Publiziert 23 Juni 2026

Sara Anild in Schutzkleidung auf einer Baustelle im Energiesektor, im Hintergrund sind Kühltürme, Erdarbeiten und Anlagenausrüstung zu sehen.

Wir sprechen mit Sara Anild über ihre Leidenschaft für Kabelsysteme in der Energieübertragung, die Entwicklung des Marktes sowie ihre Arbeit und Rolle als Convener bei CIGRE.

Was hat dich dazu inspiriert, eine Karriere im Ingenieurwesen einzuschlagen?

Mein beruflicher Werdegang war nie besonders klar vorgezeichnet, aber das habe ich mit der Zeit zu schätzen gelernt. Ich bin meist meinem Bauchgefühl gefolgt und durch eine Mischung aus Neugier, Gelegenheiten und ein bisschen Zufall dort gelandet, wo ich heute bin. Während meiner Schulzeit in Schweden war Mathe immer mein Lieblingsfach, da ich von Natur aus ziemlich technisch veranlagt bin.
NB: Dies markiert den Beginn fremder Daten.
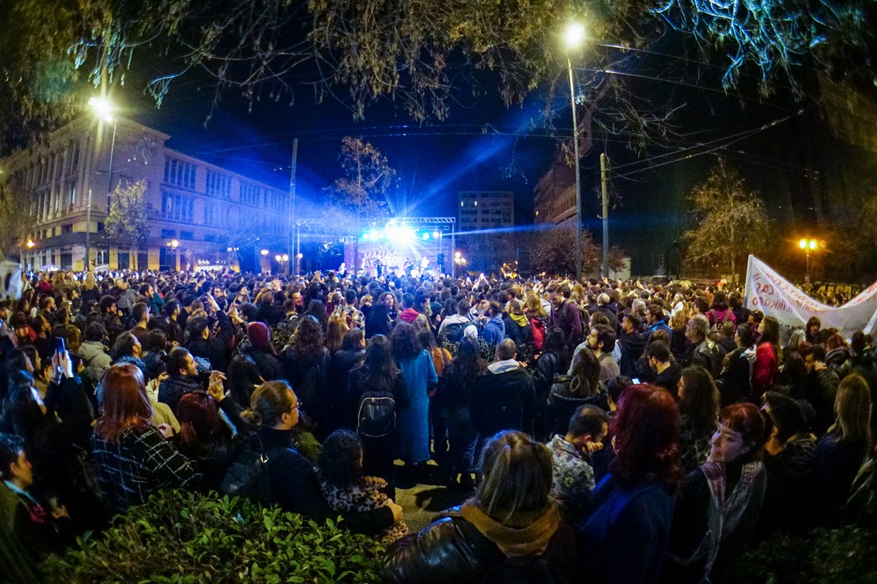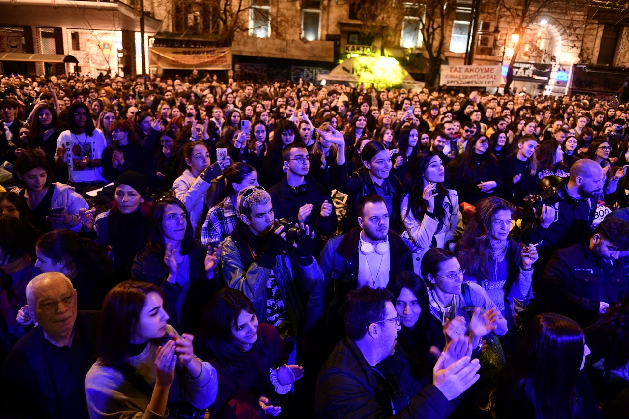 Σε εξέλιξη βρίσκεται συναυλία που διοργανώνουν ο Πανελλήνιος Μουσικός Σύλλογος (ΠΜΣ) και το Πανελλήνιο Σωματείο Ελλήνων Τραγουδιστών (ΠΣΕΤ), έξω από το θέατρο ΡΕΞ στην Πανεπιστημίου.

Aber ich liebte es auch, draussen zu sein, selbst Hand anzulegen, Dinge zu bauen und zu sehen, wie sie funktionierten. Mein Interesse am Ingenieurwesen entwickelte sich während des Studiums, beeinflusst zu einem gewissen Grad von einem Dozenten, der uns sowohl die akademischen als auch die praktischen Aspekte des Berufs näherbrachte.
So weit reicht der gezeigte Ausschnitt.